Se vieron obligados a reinventar el discurso de la “inminente
invasión militar rusa a Ucrania” que obligó a las cancillerías de 20
países a mover su personal al sur del país a pesar de que ningún
general, de la OTAN o el Pentágono, dio garantías de que esa región no
sería teatro de guerra.
Biden insistió -e insiste- en la necesidad de pruebas de que la
retirada de tropas rusas de la frontera es real, y olvida que no hay
tropas rusas en el país vecino, y que Moscú no viola tratados al
desplegar militares en su territorio, como sí hace en cambio Estados
Unidos con sus bases en decenas de países, algunas en contra de la
voluntad de pueblos y gobiernos como la de Guantánamo, en Cuba.
Moscú fue condescendiente al demostrar con hechos y no palabras que
la afirmación de invasión militar a Ucrania era parte de una campaña
mediática para justificar y encubrir objetivos geopolíticos del
Pentágono y la Casa Blanca precisamente cuando el gobierno de Biden
flaquea y las encuestas de aceptación lo sitúan en muy mal lugar.

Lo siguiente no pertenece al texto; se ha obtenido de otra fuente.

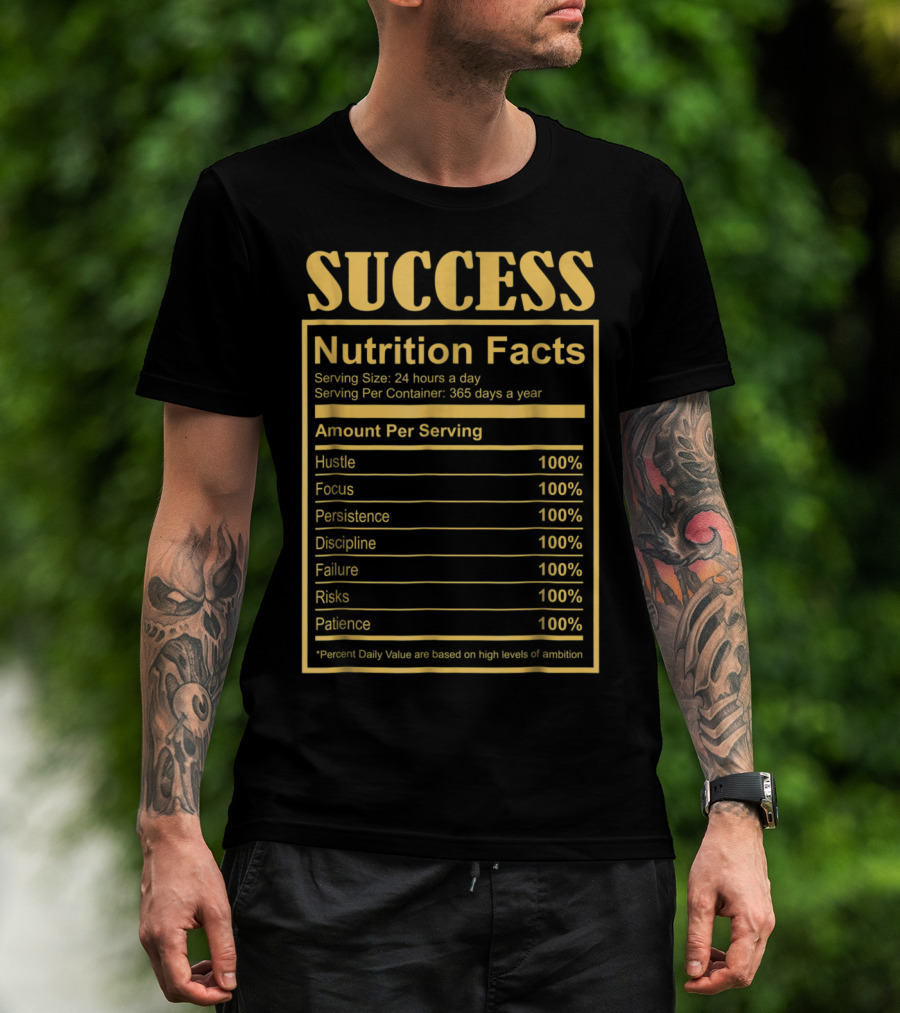 Success Motivational Funny Nutritional Facts Hustle Focus Persistence Discipline 100% T-Shirt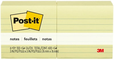 Post-it Sticky Notes, 3 x 3 in., 6 Pads, 100 Sheets/Pad, Lined, The Original Post-it Note, Canary Yellow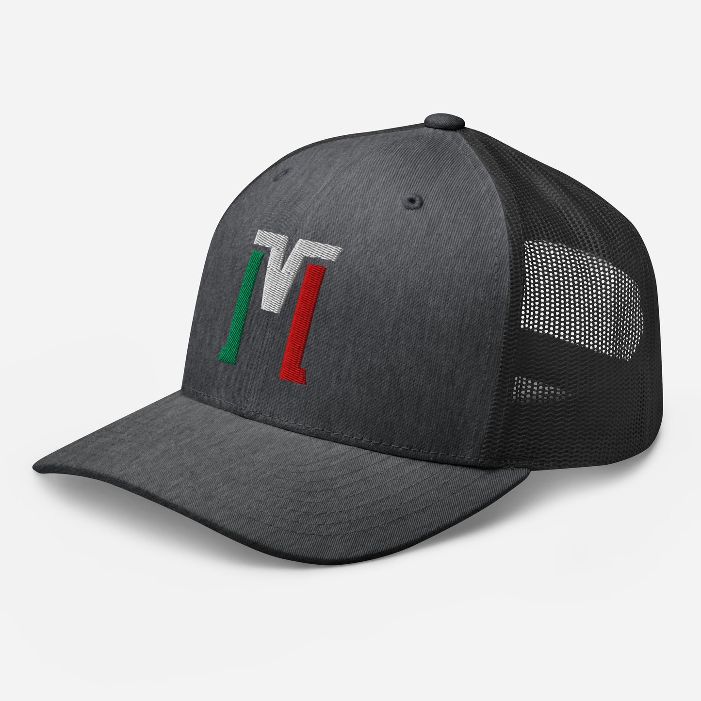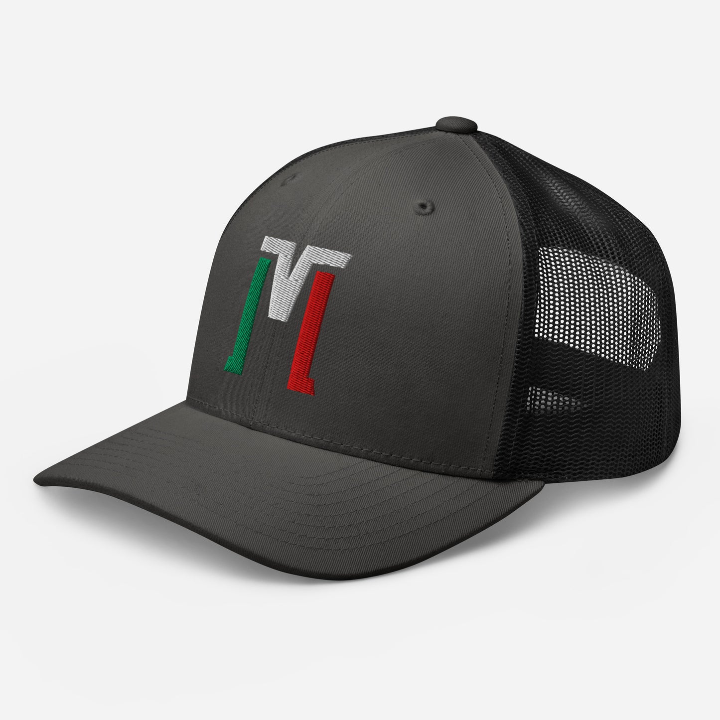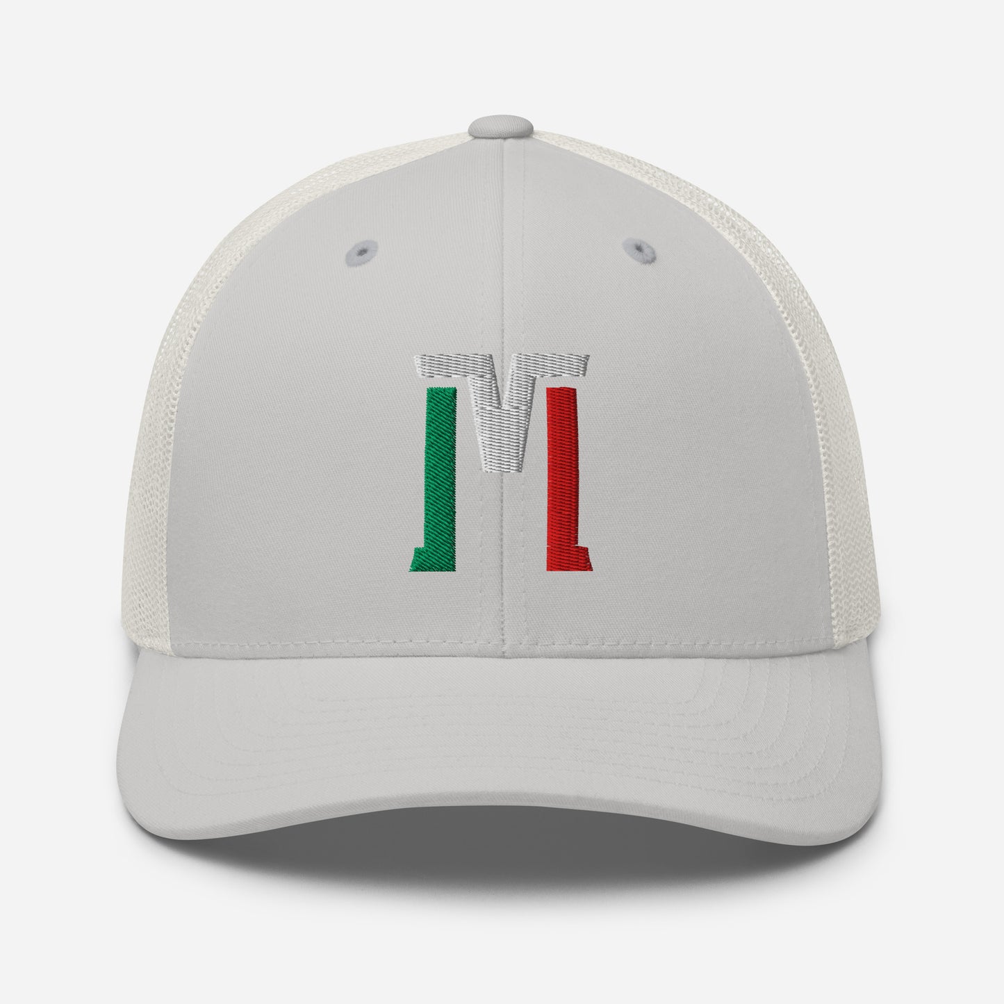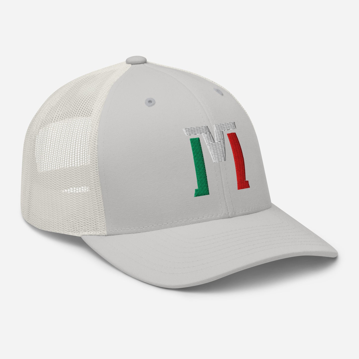 "M" Retro Trucker Hat | E Luna Brand CLASSIC | 1 Green, White, Red Thread Logo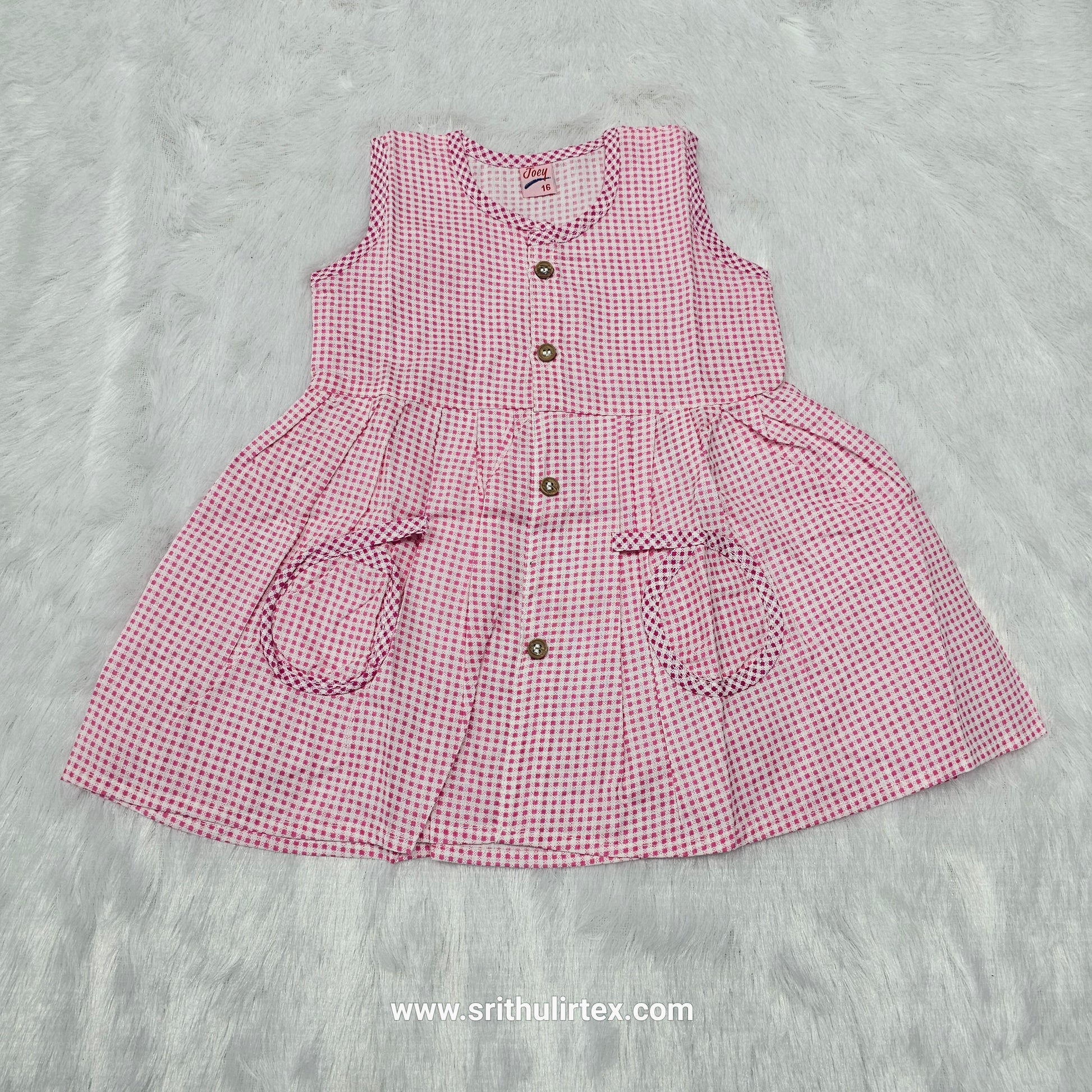 Cotton baby frock, button type baby frock, front open baby dress, baby frock 3 month, baby frock 6 month, baby frock 12 month, traditional baby wear, South Indian baby frock, Sri Thulir Tex

Una parte del establishment lo respalda en la absurda mentira sobre
Ucrania -que, a su edad, daña más aún su imagen-, no porque apoyen al
presidente, sino porque saben de los cambios irreversibles que se están
produciendo dentro de su sistema socioeconómico y no saben cómo
enfrentarlos porque sus instrumentos culturales e ideológicos son
insuficientes y están desfasados.
Tal vez por ello Moscú optó por publicar la respuesta a la Casa
Blanca y la OTAN y dejarlos al desnudo en plena ventolera mediática. No
hizo falta un vademécum; bastó con dejar en claro algunos puntos para
que todo el mundo entienda, en pocas palabras, la situación:
Son inaceptables las exigencias de retirada de tropas de ciertas
zonas rusas. Ucrania, en caso de adherirse a la OTAN, podría intentar
ocupar Crimea por la fuerza, arrastrando a Estados Unidos y sus aliados
a un conflicto armado con Rusia,
Moscú no planea invadir Ucrania y por tanto no es responsable de la
escalada de la situación dirigida a presionar y devaluar la propuesta de
garantías de seguridad de Rusia.
Para la desescalada que se desea, se requiere adoptar un conjunto de
medidas, entre las cuales: obligar a Kiev a aplicar los Acuerdos de
Minsk. Dejar de suministrar armas a Ucrania. Retirar a todos los
asesores e instructores occidentales del territorio ucraniano, renunciar
a realizar ejercicios conjuntos con las Fuerzas Armadas de Ucrania, y
sacar los armamentos extranjeros entregados anteriormente a Kiev.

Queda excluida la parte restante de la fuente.